American set designer (born 1958)

Allen Moyer (born 1958) is an American set designer particularly known for his work in operas and Broadway musicals.

Moyer grew up in Schuylkill Haven, Pennsylvania. After two years at Albright College in Reading, Pennsylvania, he transferred to Pennsylvania State University, where he earned a Bachelor of Arts degree followed by a Master of Fine Arts degree from New York University/Tisch School of the Arts, where he studied with Oliver Smith and John Conklin. His designs have appeared in celebrated productions at the New York City Opera, the San Francisco Opera, the Santa Fe Opera, the Opera Theatre of Saint Louis, and the Seattle Opera. He notably staged the world premiere of Ricky Ian Gordon's The Grapes of Wrath at the Minnesota Opera in 2007. He designed his first set for the Metropolitan Opera for their new production of Gluck's Orfeo ed Euridice which premiered on May 2, 2007.
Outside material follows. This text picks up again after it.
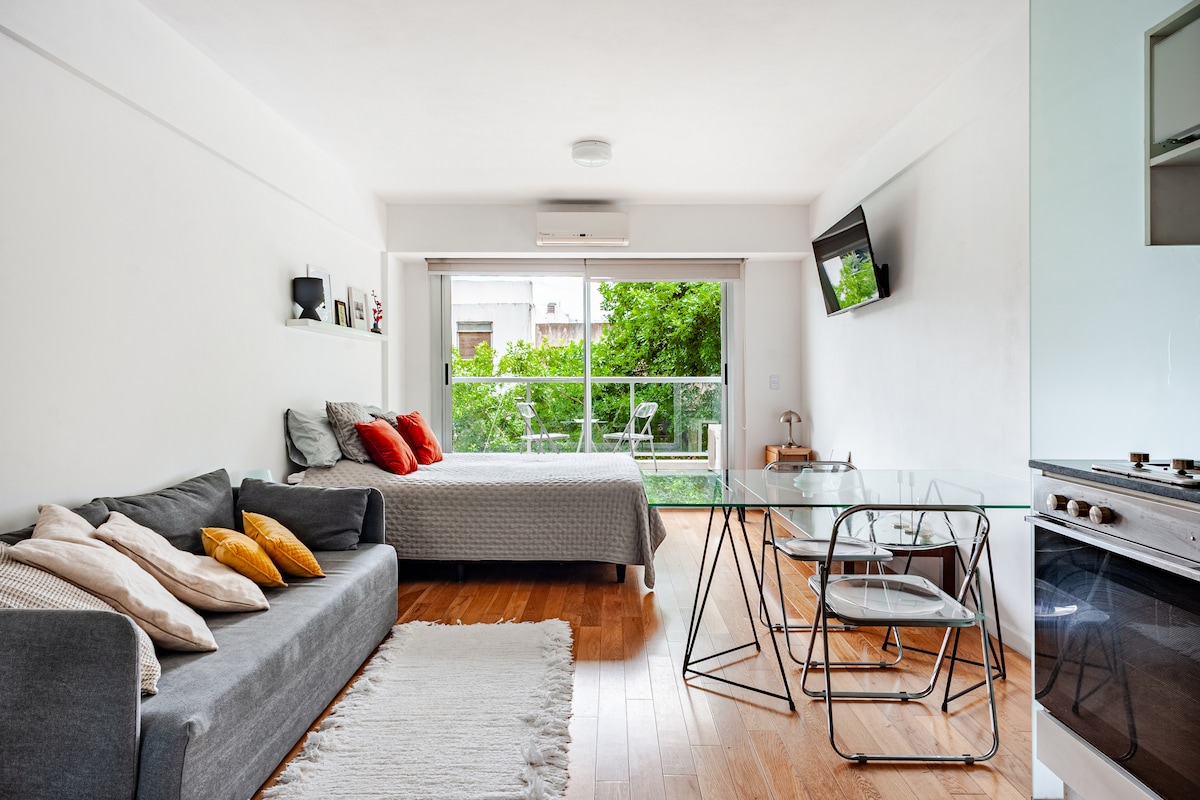 Bu ferah ve sakin alanda endişelerinizi unutun. 1 veya 2 kişilik aydınlık ve modern tek ortam. Palermo ve Chacarita'ya çok yakın Villa Crespo'da, barlar, restoranlar, outlet alanı, süpermarketler ve parkların bulunduğu çok sakin ve yerleşim alanında bulunmaktadır. Şehrin her yerine ulaşım için birçok ulaşım aracı mevcuttur (metro hattı B, Metrobus ve bisiklet yolları). Milonga ve tango akademilerine ve Movistar Arena'ya yakın

Moyer worked for the first time on Broadway for the 1996 revival of Tartuffe. He has since designed sets for thirteen more Broadway shows, notably winning an Obie Award and garnering Tony Award and Drama Desk Award nominations for his work on the 2006 musical Grey Gardens. He was also nominated for a Drama Desk Award in 1999 for his set design in the play That Championship Season.

He also designed the Delibes ballet SYLVIA for The San Francisco Ballet, and ROMEO AND JULIET: ON MOTIFS OF SHAKESPEARE (for the Mark Morris Dance Group) both choreographed by Mr. Morris.

In 2014, he was awarded Penn State's Arts and Architecture Alumni Award from the School of Theatre.